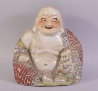 A CHINESE FAMILLE ROSE PORCELAIN FIGURE OF BUDDHA, with impressed mark to base, 23cm high.
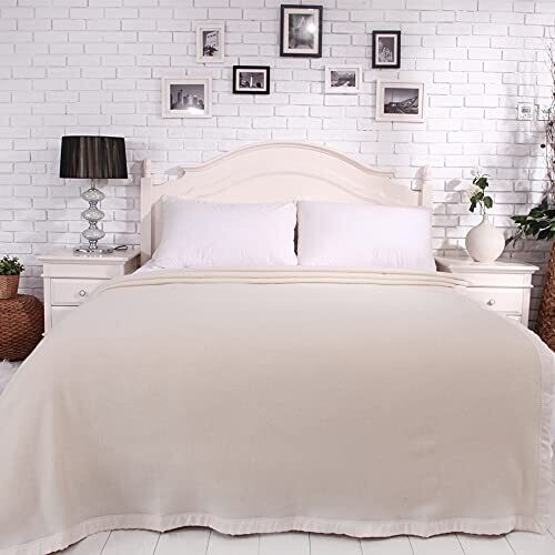 • Everwool 100% Pure Wool Blanket – Heavyweight 500Gsm, Ivory Twin 170X230cm
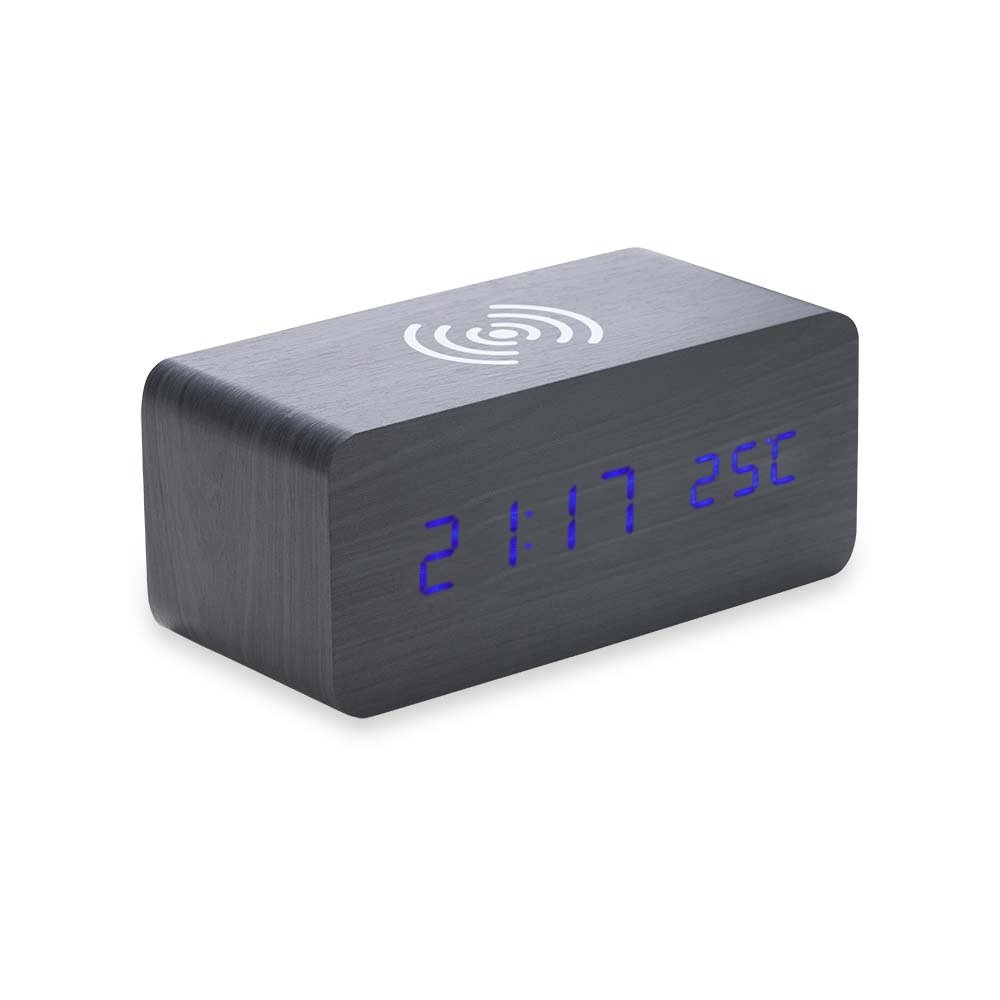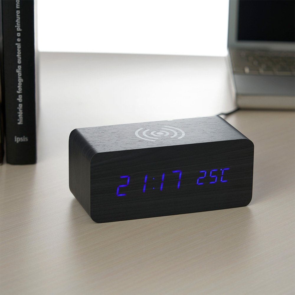Estilo e praticidade na hora certa! O nosso Relógio digital LED possui alarme, medidor de temperatura e carregamento por indução, carregando smartphones e outros dispositivos compatíveis de forma rápida e fácil, sem a necessidade de fios. Totalmente produzido em MDF, com um display em LED, parte traseira com mecanismo para ajustes, entrada DC 5V e compartimento de pilhas. Podendo ser utilizado através da fonte USB (acompanha) ou 3 pilhas AAA (não acompanha) como modo emergencial.
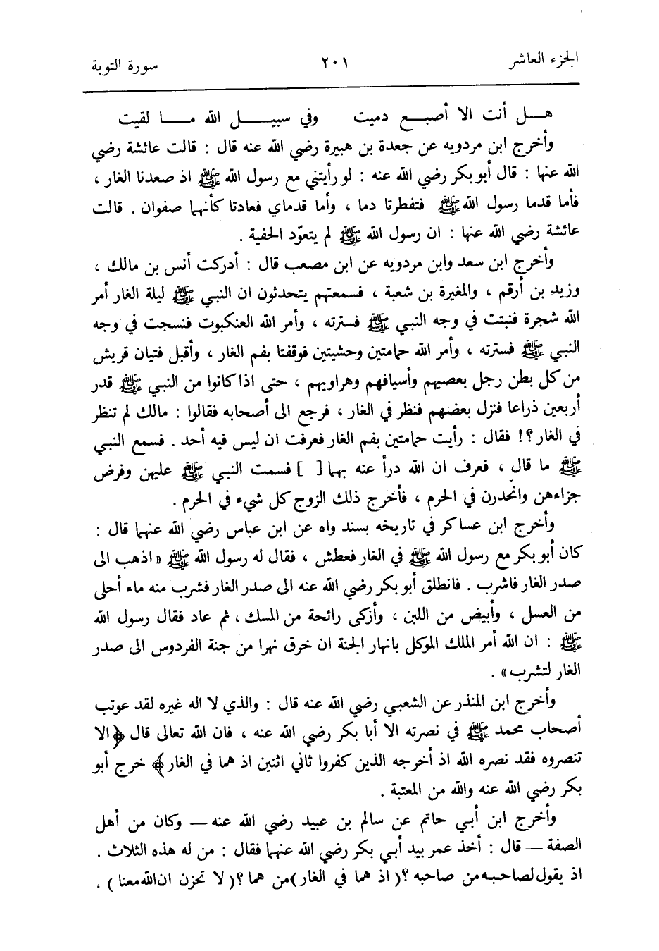 هَل أَنْت إِلَّا أصْبع دميت وَفِي سَبِيل الله مَا لقِيت وَأخرج ابْن مرْدَوَيْه عَن جعدة بن هُبَيْرَة رَضِي الله عَنهُ قَالَ: قَالَت عَائِشَة رَضِي الله عَنْهَا: قَالَ أَبُو بكر رَضِي الله عَنهُ: لَو رَأَيْتنِي مَعَ رَسُول الله صلى الله عَلَيْهِ وَسلم إِذْ صعدنا الْغَار فَأَما قدما رَسُول الله صلى الله عَلَيْهِ وَسلم فتفطرتا دَمًا وَأما قَدَمَايَ فعادتا كَأَنَّهُمَا صَفْوَان

_The task_
The data shown above must be printed again exactly, with no images included.

_Solution_
 A CHINESE FAMILLE ROSE PORCELAIN FIGURE OF BUDDHA, with impressed mark to base, 23cm high.
 • Everwool 100% Pure Wool Blanket – Heavyweight 500Gsm, Ivory Twin 170X230cm
Estilo e praticidade na hora certa! O nosso Relógio digital LED possui alarme, medidor de temperatura e carregamento por indução, carregando smartphones e outros dispositivos compatíveis de forma rápida e fácil, sem a necessidade de fios. Totalmente produzido em MDF, com um display em LED, parte traseira com mecanismo para ajustes, entrada DC 5V e compartimento de pilhas. Podendo ser utilizado através da fonte USB (acompanha) ou 3 pilhas AAA (não acompanha) como modo emergencial.
 هَل أَنْت إِلَّا أصْبع دميت وَفِي سَبِيل الله مَا لقِيت وَأخرج ابْن مرْدَوَيْه عَن جعدة بن هُبَيْرَة رَضِي الله عَنهُ قَالَ: قَالَت عَائِشَة رَضِي الله عَنْهَا: قَالَ أَبُو بكر رَضِي الله عَنهُ: لَو رَأَيْتنِي مَعَ رَسُول الله صلى الله عَلَيْهِ وَسلم إِذْ صعدنا الْغَار فَأَما قدما رَسُول الله صلى الله عَلَيْهِ وَسلم فتفطرتا دَمًا وَأما قَدَمَايَ فعادتا كَأَنَّهُمَا صَفْوَان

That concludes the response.